By Laurie Henry
Recognition of the endangered heritage of the Great Barrier Reef is great news for the sustainability of coral reefs around the world. Findings are accumulating concerning the degradation of marine and terrestrial biodiversity, but all scientists agree that action must follow, especially since we still have the means to act to prevent the total disappearance of corals.
Coral reef biologist and climatologist Professor Ove Hoegh-Guldberg of the University of Queensland in Australia was among the first to sound the alarm about the threat that warming and acidification of the oceans pose to marine ecosystems, following his pioneering research on coral bleaching and mortality.
Regarding the state of coral reefs around the world, the scientific observation is clear: they have all regressed over the past few decades. The trajectory that our societies are taking vis-à-vis climate change and global warming does not leave these ecosystems a chance. With an increased temperature of 2.5°C, 99% of corals will disappear.
But the time for finding out is over, say the researchers unanimously. The means of action are known and the avenues of hope exist.
Allocation of world heritage status to coral reefs in the Gulf of Aqaba
According to the Professor Ove Hoegh-Guldberg, even if the actions are still few, the implementation of stronger protective measures would allow a new breath, as for the Gulf of Aqaba or the Grande Barrier de Corail. His study, recently published in the Journal Frontiers and entitled “The reefs of the hope of the Gulf of Aqaba: allocation of world heritage status to coral reefs of the Gulf of Aqaba, north of the Red Sea”, was conducted jointly with academics from Jordan, Germany, Australia, Monaco, Switzerland, and Israel.
The coral reefs of the Red Sea are indeed a rich source of food, means of subsistence, coastal protection and natural products, and bring millions of people to life bordering the sea. According to this study, “the highly biodiversity coral reefs of this site in the North Red Sea have unique resilience to global warming, which could be the key to preserving the corals of the earth while the temperatures of the oceans continue to warm up”.
However, the future of this region is threatened not only by climate change, but also by pollution, coastal development and overfishing. Coral reefs and marine life are not subject to political borders. Urgent conservation efforts are necessary for regional and national levels, to secure unique coral reefs and resistant to the Gulf temperature and their interdependent ecosystems (for future generations).
To fulfill this cross -border conservation effort, the authors propose that the region of the Gulf of Aqaba, including some of the coastal waters of Jordan, Israel, Egypt and Saudi Arabia, be included on the list UNESCO World Heritage Sites. Just like the great barrier of coral.

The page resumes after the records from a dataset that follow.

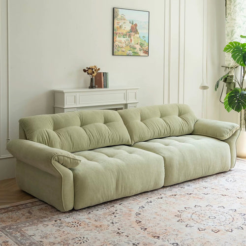 The Benjamin Sofa in linen brings together cloud-like volume, handcrafted tufting, and a refined low-profile shape—made for homes that value quiet luxury and effortless comfort.
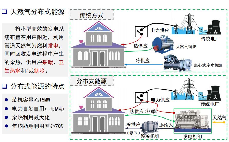 分布式能源是指分布在用戶端的能源綜合利用系統(tǒng)。它以天然氣等清潔能源為主要一次能源,通過冷熱電三聯(lián)供等方式實現(xiàn)能源的梯級利用,綜合能源利用效率可達70%以上。與傳統(tǒng)的集中式能源供應(yīng)相比,分布式能源具有更高的能源利用效率、更低的能源輸送損耗和更強的能源供應(yīng)靈活性。
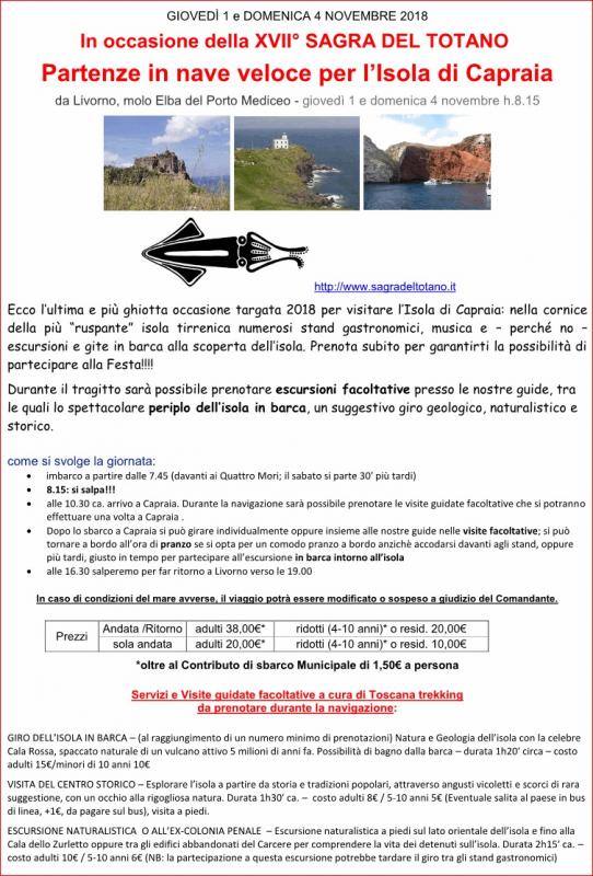 da Livorno, molo Elba del Porto Mediceo - giovedì 01 e domenica 04 Novembre h. 08.15
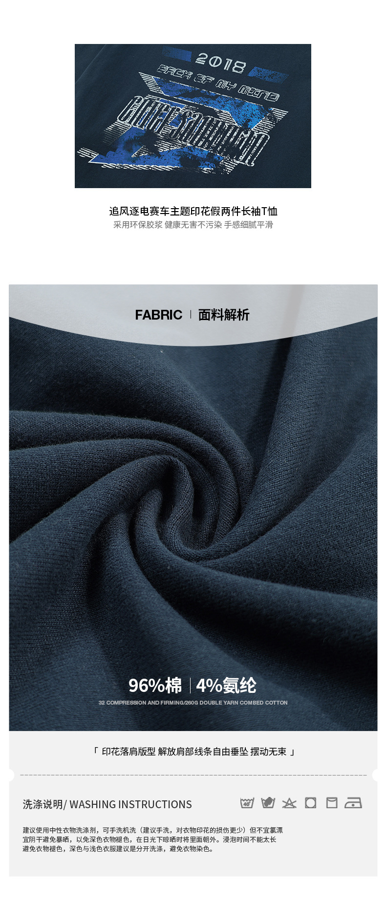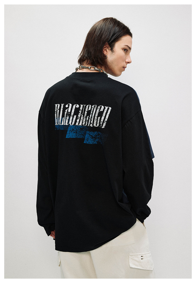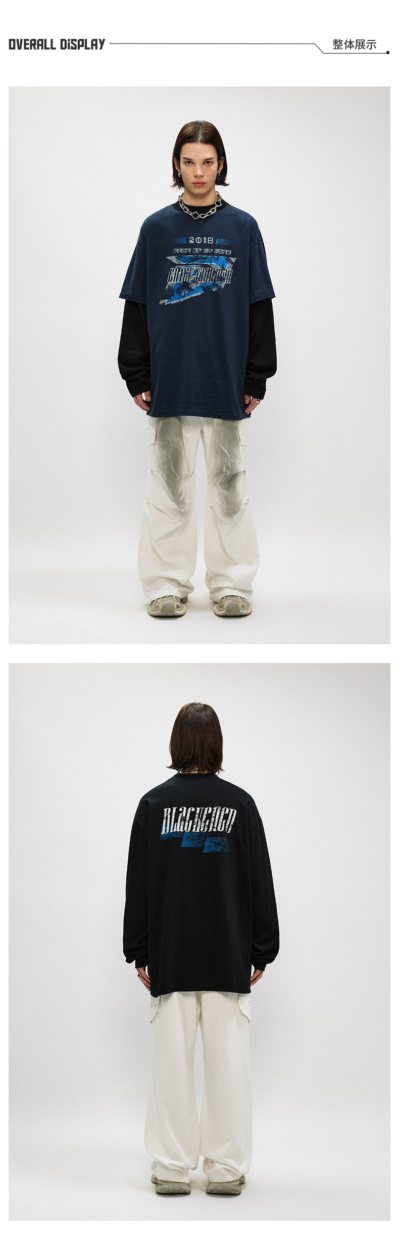 # OVDY 봄 여름 신상품 페이크 투피스 셔츠 순면 루즈핏 작은 칼라 트렌디 브랜드 긴팔 티셔츠 남성용
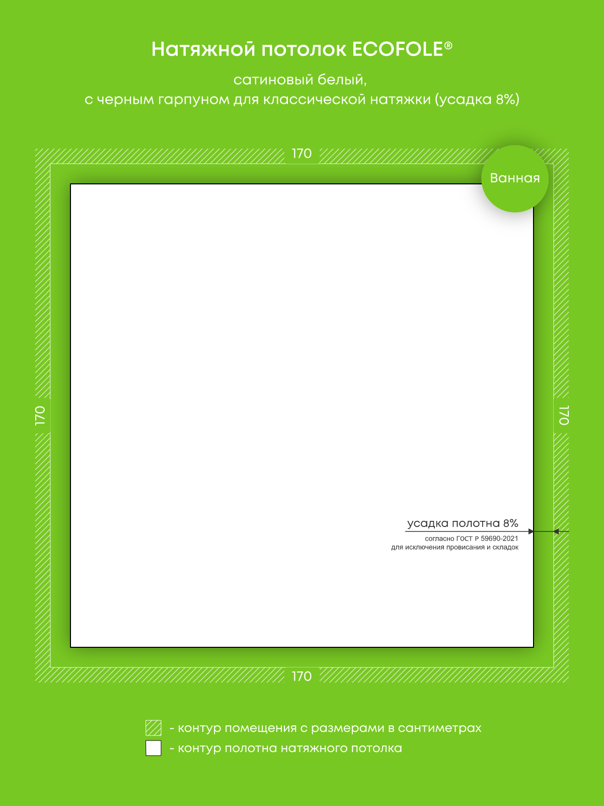 Натяжные потолки изготовленные по индивидуальным размерам покупателя, для двух помещений площадью: 2.9 м2, 0.9 м2
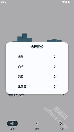 4、选择音频曲线预设,自然、交响、流行、重低音任你选。
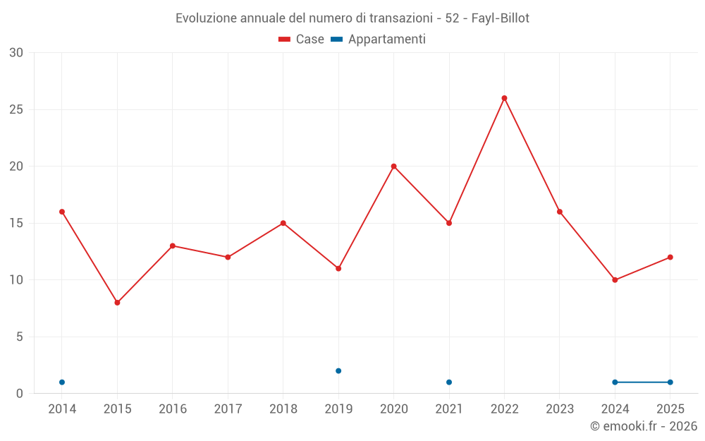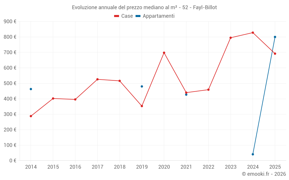 Il prezzo mediano sulle 19 transazioni di case degli ultimi 12 mesi nel comune di Fayl-Billot era di 777 € al metro quadrato per un valore patrimoniale mediano di 65 000 €. In questo periodo il 60% delle transazioni era tra 373 e 1 028 € al metro quadrato (dal 2° all'8° decile).
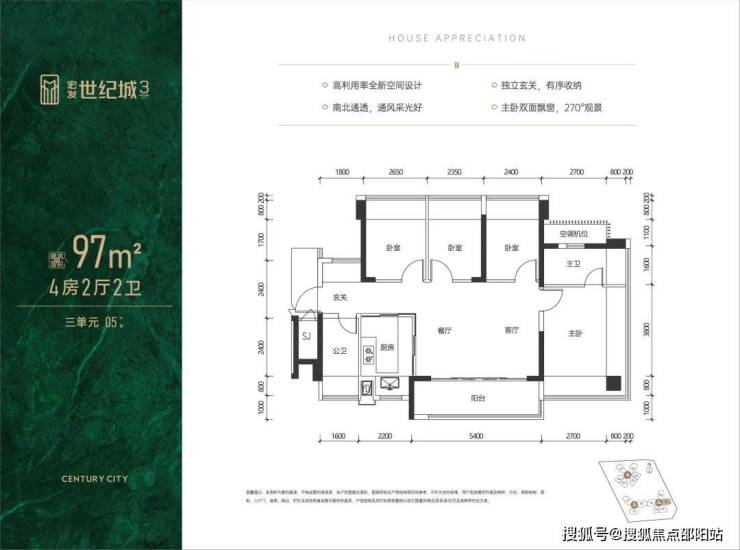 主卧双面飘窗,270°观景
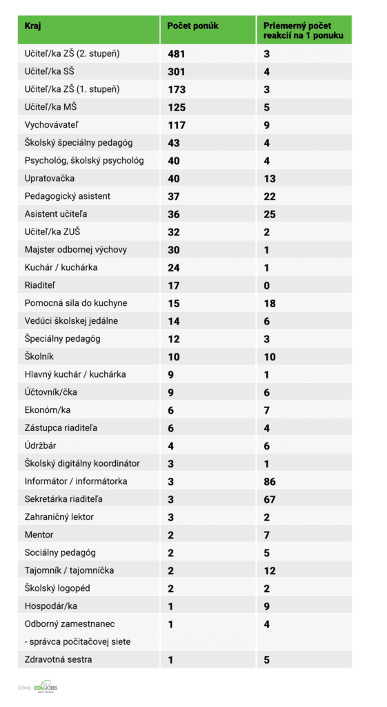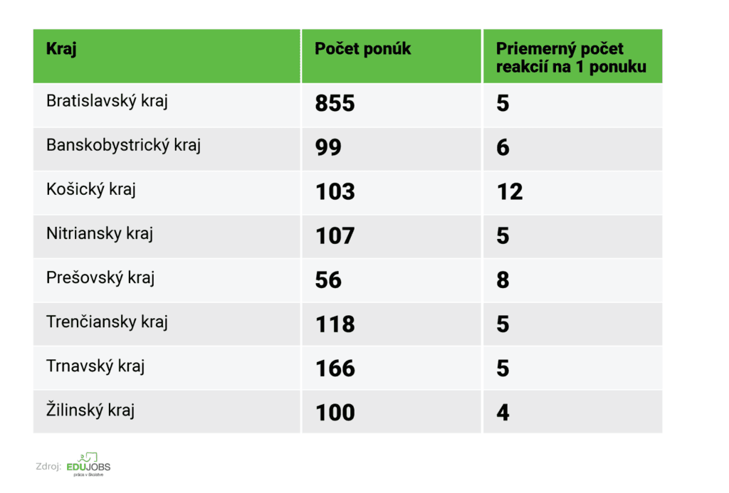 Najviac pracovných ponúk v oblasti školstva záujemcovia nájdu v Bratislavskom kraji. Momentálne je v ňom voľných 855 pracovných miest. V Trenčianskom kraji hľadajú 118 pracovníkov a pracovníčok, v Trnavskom kraji je otvorených 166 príležitostí zamestnať sa v školstve. Najvyšší záujem o pracovné miesta vo vzdelávaní pozorujeme v Košickom kraji. Na jedno ponúkané miesto tam reaguje v priemere 12 záujemcov.
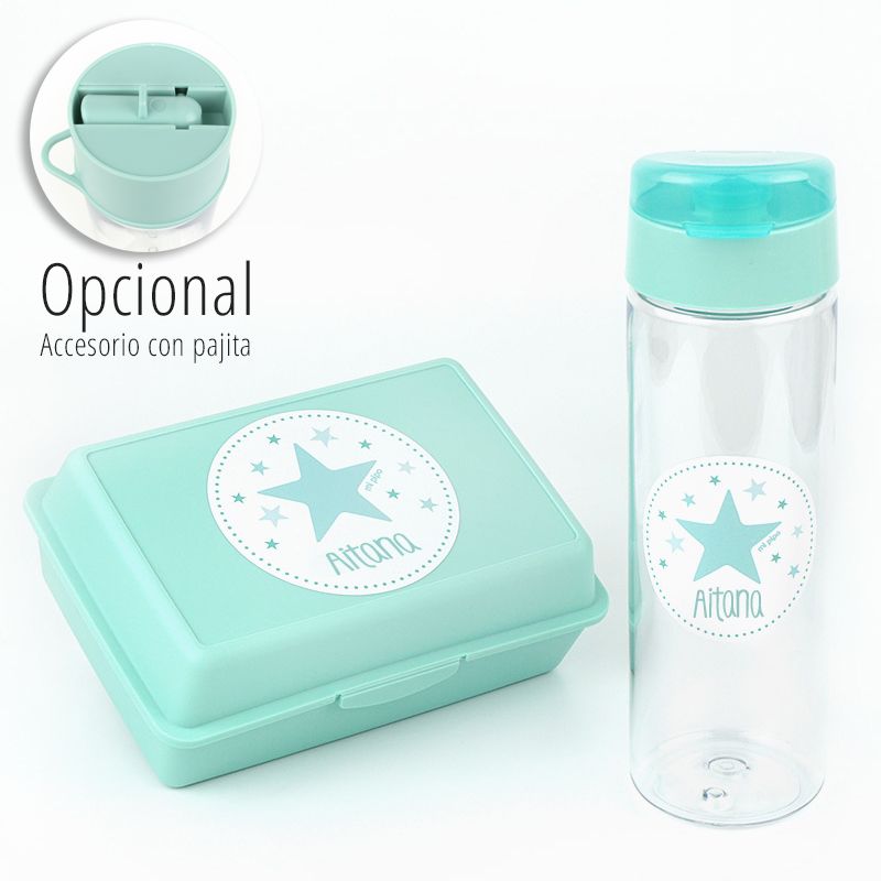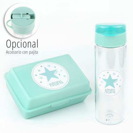 Pack Botella 600ml + Cajita Porta Alimentos Estrella Menta personalizadas
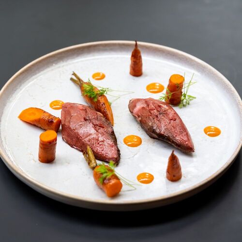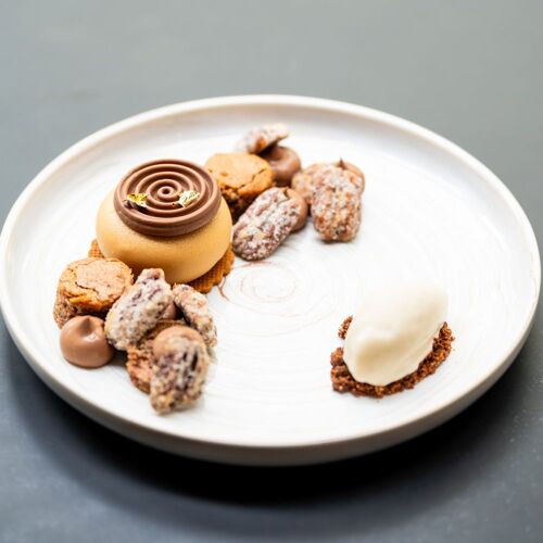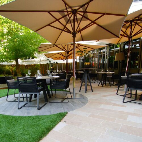 In this contemporary setting, part of the dining area stretches out into a veranda with a curved floor plan and a view of the garden of this property. The chef's modern cuisine is rooted in Burgundy's terroir and enhanced by occasional Asian touches. The desserts, meanwhile, get back to basics with well-crafted creations.
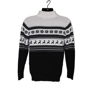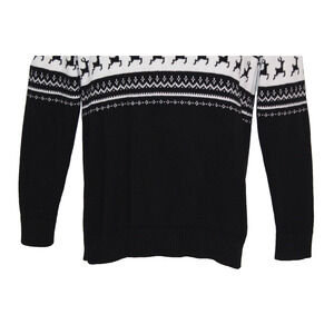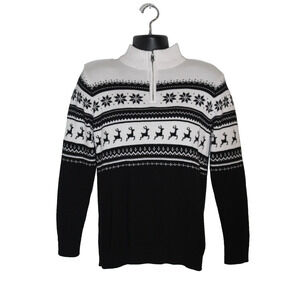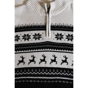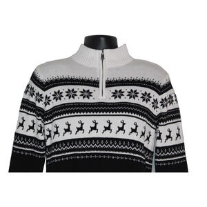 Celebrate the festive season in this Boys XL (Size 14) black and white Nordic-style Christmas sweater. Featuring a charming reindeer and snowflake design with a zip neck for added comfort and style, this sweater is perfect for holiday gatherings or casual wear.
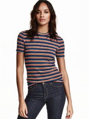 T-shirt rayé en maille douce et côtelée d'H&M

The great barrier of coral soon on the UNESCO World Heritage List
To the northeast of the Australian coast, the largest coral ensemble in the world offers, with its 400 species of corals, its 1,500 species of fish and its 4,000 species of mollusks, a spectacle of a variety and a beauty extraordinary and high scientific interest. It is also the habitat of endangered species, such as the Dugong and the Great Green Turtle.
The UNESCO World Heritage List of UNESCO is designed to inform the international community of conditions that threaten the very characteristics for which good has been registered on the World Heritage List, and to encourage corrective measures.
In July 2021, the World Heritage Committee asked Australia to submit an updated report on the reef conservation state and to invite an expert surveillance mission to visit the reef and assess its state of conservation.
At the end of this mission, the UN concluded that the largest coral reef system in the world should be placed on a list of world heritage sites in danger. More specifically, climate change presents a “serious challenge” to the values that saw the reef inscribed as a worldwide wonder in 1981.
Progress to reduce pollution of reef waters by agriculture and pasture is too slow and more investments are necessary to achieve water quality objectives, according to the mission report.
Need for actions against climate change
Putting environments under protection is the first step to preserve them especially when it comes to refuge areas, resilient in the face of climate change.
A new study (A. Greiner et al., 2022) of the Wildlife Conservation Society (WCS) of the University of Toronto and the National Research Council of Italy, highlighted the “hope spots” of coral reefs in the world. The results show that climate-resistant reefs are connected to invisible submarine networks connected by tiny larval corals that move from one reef to the other on ocean currents. These networks have the ability to survive and reset the ocean biodiversity, even after mass laundering events provided for in climate change.
Ariel Greiner, doctoral student at the University of Toronto and first author, declares in a press release: “Our results show how crucial it is to understand the networks of coral reefs and how they can be affected by climate change, during the Design of future conservation strategies for coral reefs”.
She concludes: “In particular, this study reveals that these networks of coral reefs can help maintain the bastions of coral reefs and that additional ‘spring’ ” spring ‘reefs, reefs which serve as lands of larvae between the bastions of coral reefs, will be necessary to preserve the rest of the world habitat of coral reef”.